David Thomas, chief executive of Barratt Redrow, said: “During the first half we delivered a resilient performance in a subdued market while making strong progress integrating Redrow.”
He said “While progress made on planning reform is encouraging, a stable and supportive demand environment is essential to enable increased delivery at scale across the sector.”
Shares in Barratt fell 6% as the group cut its interim dividend by nearly 10% to 5p.
Richard Hunter, head of markets at Interactive Investor, said the “budget hangover is plain to see” in Barratt’s results.
But he said there are some “positives which Barratts will hope are leading to a long-awaited inflection point”.

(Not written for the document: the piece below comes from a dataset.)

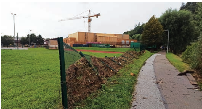
Izvajalec del Graditelj namerava končati delo v predvidenem roku, čeprav je bila med gradnjo tudi večnamenska dvorana avgusta poplavljena.

Aarin Chiekrie, equity analyst at Hargreaves Lansdown, added: “With the Budget hurdle now out of the way, the picture moving forward is a touch more favourable.
“The market’s currently forecasting two rate cuts by the end of 2026, which should help buoy buyers’ purchasing power slightly.
“The Redrow merger is also bringing a host of cost benefits as overlapping operations are streamlined, and the group’s enlarged scale is allowing it to negotiate harder on prices with suppliers.”
Smaller housebuilding rival MJ Gleeson was also seeing shares slide in morning trading on Wednesday, with the stock down nearly 10% after it reported interim profits more than halving as build costs soared.
It reported pre-tax profits of £1.7 million, down 53% on a year earlier, and said increases in selling prices was being offset by rising build costs.